What is needed is an exact repeat of the lines from the one holding "Schneider Electric Ultimate" through the final line of the data, with no pictures.

Data supplied: Begin

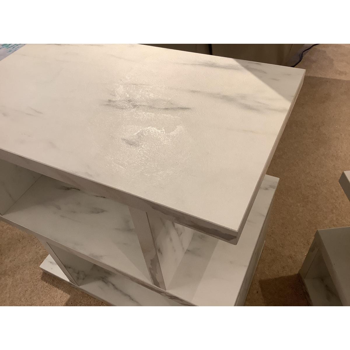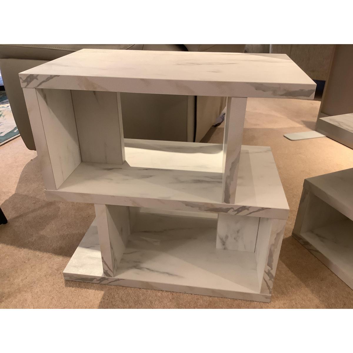 I love this little side table for its clean, modern look and versatility. It works particularly well in contemporary or minimalist interiors, but can also add a fresh touch to more classic spaces. The marble finish adds a touch of luxury, making it ideal for styling next to a sofa, armchair, or even as a bedside table. Practical tips include pairing it with lush textiles or greenery to soften the look, and using its open shelf for storing magazines or decorative pieces to keep surfaces clutter-free. Its sleek design makes it quite adaptable, so it’s a good choice when you want a piece that looks stylish yet functional.
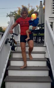 Another daughter-in-law manages a demanding job with travel for herself and her husband, while juggling daycare for two little ones, coordinating, pivoting, and maintaining equilibrium, including at-home virtual workouts with her coach, me!
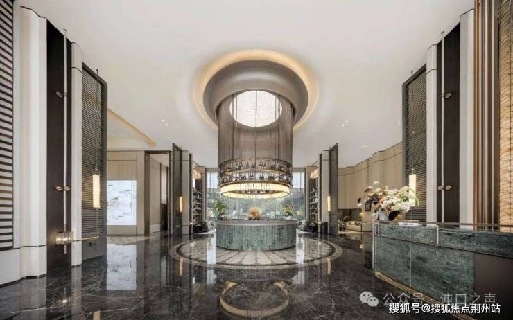 约86米超宽门庭领先经开,尽显大家风范;流金穹顶与奢石肌理相映成趣,勾勒出尊崇气象。
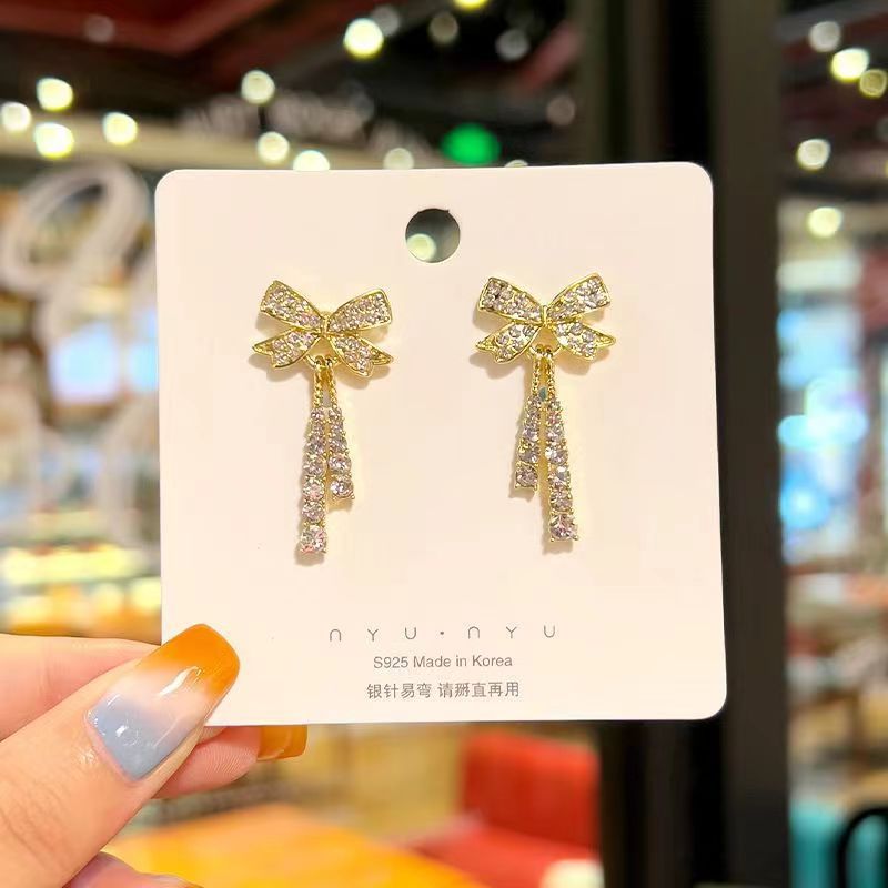 ネット赤高級感冷たい風シンプルな超フラッシュドリルピアスs925銀針小衆デザイン感ファッションイヤリング女
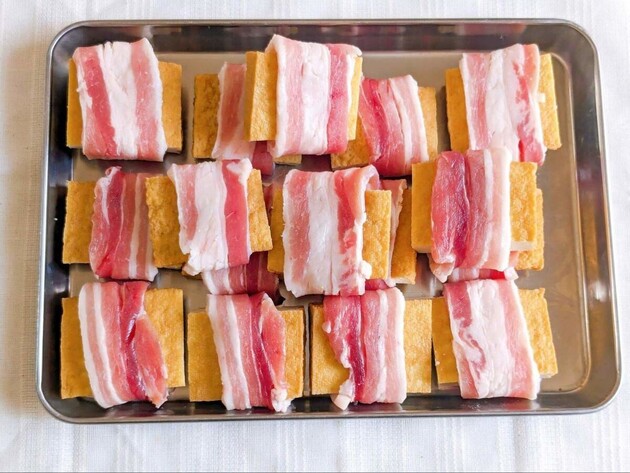 切った厚揚げを豚バラ肉で巻いていきましょう。
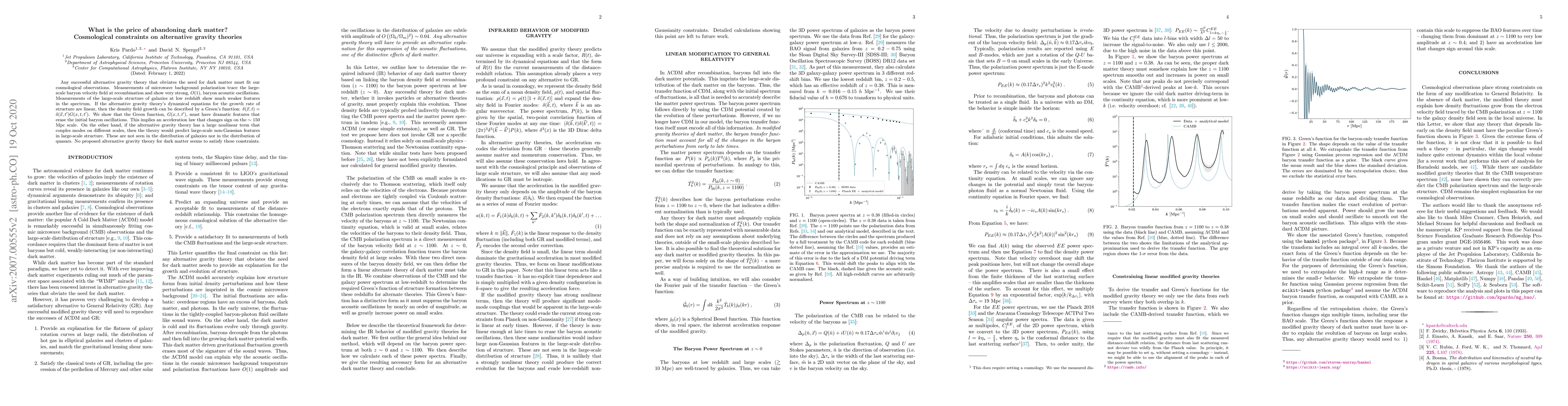 Any successful alternative gravity theory that obviates the need for dark matter must fit our cosmological observations. Measurements of microwave background polarization trace the large-scale baryon velocity field at recombination and show very strong, $O(1)$, baryon acoustic oscillations. Measurements of the large-scale structure of galaxies at low redshift show much weaker features in the spectrum. If the alternative gravity theory's dynamical equations for the growth rate of structure are linear, then the density field growth can be described by a Green's function: $\delta(\vec x,t) = \delta(\vec x,t')G(x,t,t')$. We show that the Green function, $G(x,t,t')$, must have dramatic features that erase the initial baryon oscillations. This implies an acceleration law that changes sign on the $\sim 150$ Mpc scale. On the other hand, if the alternative gravity theory has a large nonlinear term that couples modes on different scales, then the theory would predict large-scale non-Gaussian features in large-scale structure. These are not seen in the distribution of galaxies nor in the distribution of quasars. No proposed alternative gravity theory for dark matter seems to satisfy these constraints.
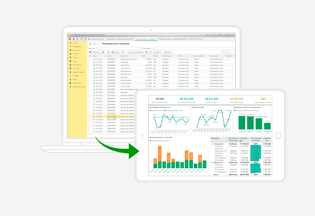 Свяжитесь с нами. Превратим таблицы из 1С в красивый дашборд.
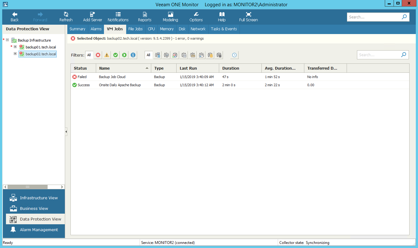 You can monitor all types of jobs configured on the Veeam Backup & Replication servers that you connected to Veeam ONE in the Connecting Veeam Backup & Replication Servers section.
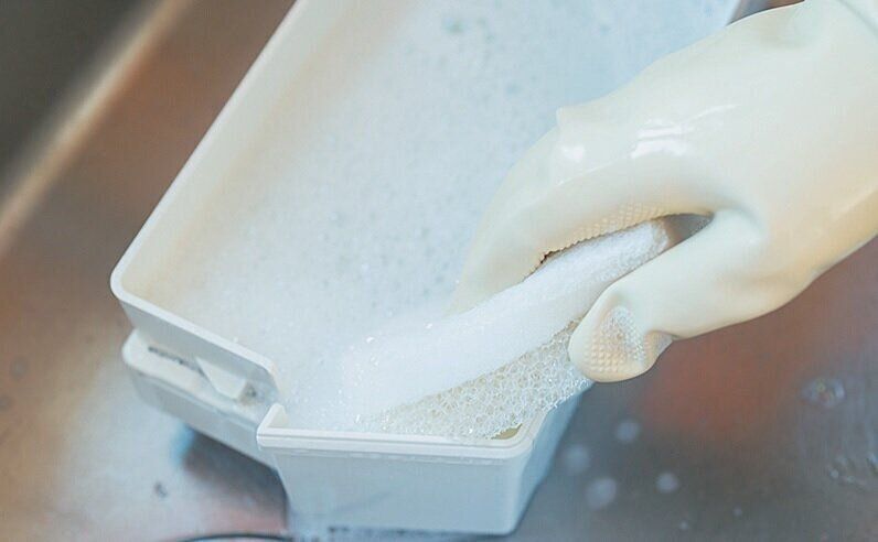 冷凍食品や生鮮食品は、クーラーボックスに移しながら進める。はずせるパーツは、食器用洗剤をつけたスポンジで洗い、マイクロファイバークロスで拭き上げる。
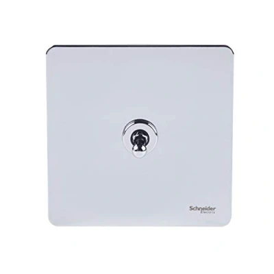 Schneider Electric Ultimate Screwless Flat Plate Single Toggle 2 Way Light Switch, 16AX, GU1412TPC, Polished Chrome
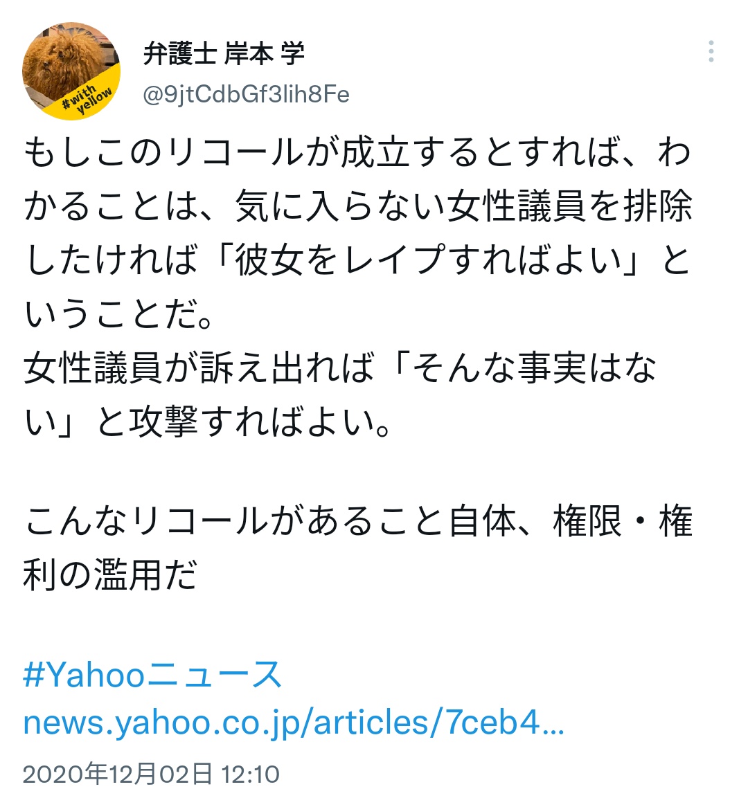 性被害を受けたと主張した側は虚偽告訴罪で在宅起訴されてますけど、集団で町長を再起不能にしようとした挙げ句に住民らも侮辱されたことについては、どのように思われるのでしょう。逃げずに答えてほしいですね。 twitter.com/ohtsubakiyuko/…

Data supplied: End

Solution to the exercise:
 Schneider Electric Ultimate Screwless Flat Plate Single Toggle 2 Way Light Switch, 16AX, GU1412TPC, Polished Chrome
 性被害を受けたと主張した側は虚偽告訴罪で在宅起訴されてますけど、集団で町長を再起不能にしようとした挙げ句に住民らも侮辱されたことについては、どのように思われるのでしょう。逃げずに答えてほしいですね。 twitter.com/ohtsubakiyuko/…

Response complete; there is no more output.